The botulism thingy was bothering me too. The "I'm not dead yet" argument doesn't cut it with me.
So I did some googling and realised I'd forgotten about the antimicrobial action of hops.
study
patent

Sorry if this has already been pointed out, but I couldn't wade through 57 pages of history. :)
 
i've done 2x no-chills
the 1st one, the cube melted
the 2nd one, after a few weeks the wort turned itself into vinegar

i'm sticking to chilling and pitching yeast from now on.
 
It's clearly not for everyone. As a thirty-plus brew veteran yet to purchase, use or even touch a chiller, it kinda works for me.

The thing about brewing is that you can pick and choose all the techniques, equipments and ingredients you want/need/desire and have some fun at the expense of those who choose another method - in this case, brewers who are depleting the world's copper resources! :D
 
i've done 2x no-chills
the 1st one, the cube melted
the 2nd one, after a few weeks the wort turned itself into vinegar

i'm sticking to chilling and pitching yeast from now on.

Ahhh ... but what if I were to say that no chill would allow me to do some moderate gravity AG??
Then what would be your advice? ;)
 
i've done 2x no-chills
the 1st one, the cube melted
the 2nd one, after a few weeks the wort turned itself into vinegar

i'm sticking to chilling and pitching yeast from now on.


Tangent ,

I did not think you were a 'Luddite' and was against change

20 batches now and no problem

90C is fine to NC the flexibility it offers is fantastic to the home brewer .

Pumpy ;)
 
Anyone got an idea of the lifespan of a wort in a cube which is sealed up good and proper?
 
6000 casks filled & sold in under a year.
No dramas.

Cheers
Gerard


Yeah but ... botulism is actually a very rare bacteria ... but you just need it once not to have to worry about it anymore ...

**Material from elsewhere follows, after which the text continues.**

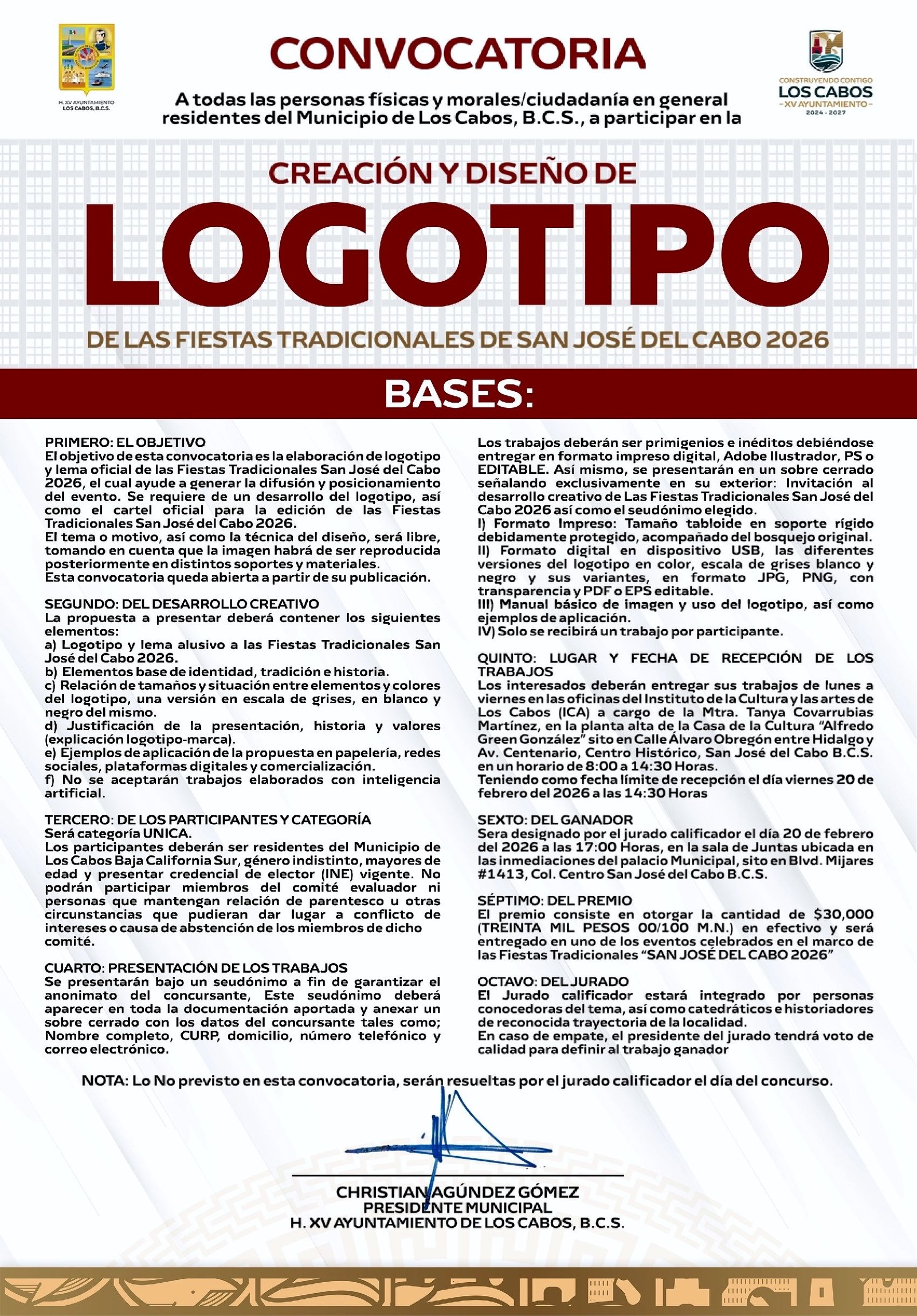 Los Cabos, Baja California Sur.– El XV Ayuntamiento de Los Cabos y del Comité Organizador de las Fiestas Tradicionales San José del Cabo 2026, emiten la convocatoria pública para la creación y diseño del logotipo oficial de estas festividades, invitando a participar a personas físicas, morales y población en general del municipio.

but I think its a moot point now. If the wort didn't have hops in it, you should be worried.

Someone used a jam analogy further back in this thread, which isn't a great analogy since jam is acidic but a lot of jam makers don't
properly pasteurise their product. My mother in law being one and she has used the very same "ooh I've made 1000s of jars" argument too.
My grandmother inlaw is sensitive to pennicilin and became very ill after eating some improperly prepared jam.
That was really bad luck because not all species of pennicillin make the antibiotic and I'm sure the lady who made the jam had made 1000s of jars
and no one got sick!

Another example is you can sometimes spot a pregnant woman at a dinner party before she "shows" because she avoids the wine and brie.
Listeria is another uncommon bacteria that sometimes has devastating effects. Although its uncommon, most pregnant women don't take the chance.
And BTW - Listeria is knocked out by hops too. :)

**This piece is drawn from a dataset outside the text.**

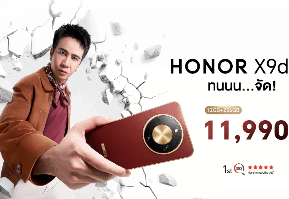 HONOR เปิดตัวสมาร์ตโฟนรุ่นใหม่ HONOR X9d 5G ภายใต้สโลแกน “ทนนน…จัด!” พร้อมแบตเตอรี่ขนาด 8,300mAh ที่ใหญ่ที่สุดในตลาดสมาร์ตโฟนปัจจุบัน กล้อง 108MP พร้อมระบบกันสั่น OIS+EIS และรองรับการตกกระแทกสูงสุด 2.5 เมตร เริ่มวางจำหน่าย 4 ธันวาคม 2568 ในราคา 11,990 บาท พร้อมมอบสิทธิ์ลุ้นรางวัล Mercedes-Benz C 350e AMG Dynamic

Well my point is ... its almost certainly safe because of the hops but 1000s of no chill beer is not proof.
 
Pumpy, to me that's 100% failure with one technique vs. 100% success with another.
obviously I'm doing something wrong in one instance and Ok in another.
i'll stick with beer vs. vinegar
 
40 plus no chill and not ONE dud, and I make beer!!!!! ;) not vinegar, What are you Guys doing wrong? :huh:
And BIG beers they are.
 
Sorry to say it Braufrau but its looking as if you will have to give up making beer.Just to be on the safe side of course. ;)

Cheers in nc
Big D
 
Yeah but ... botulism is actually a very rare bacteria ... but you just need it once not to have to worry about it anymore ...

BF I'm hoping you're not Darren in drag by some chance? :lol:

Warren -
 
Anyone got an idea of the lifespan of a wort in a cube which is sealed up good and proper?

I think Ray Mills posted earlier in this thread that he'd gone > 6 months.

I brewed like a maniac in January this year and was fermenting the wort as late as May with no problems.
 
But surly the whole point with no chill is that your are putting a heat pasturised liquid into a sealed container that is being heat pasturised by the heat in the liquid. So there can be no living nasties in the container until you open it after it has cooled down (assuming 1 sufficient heat to start with & 2 an air tight container.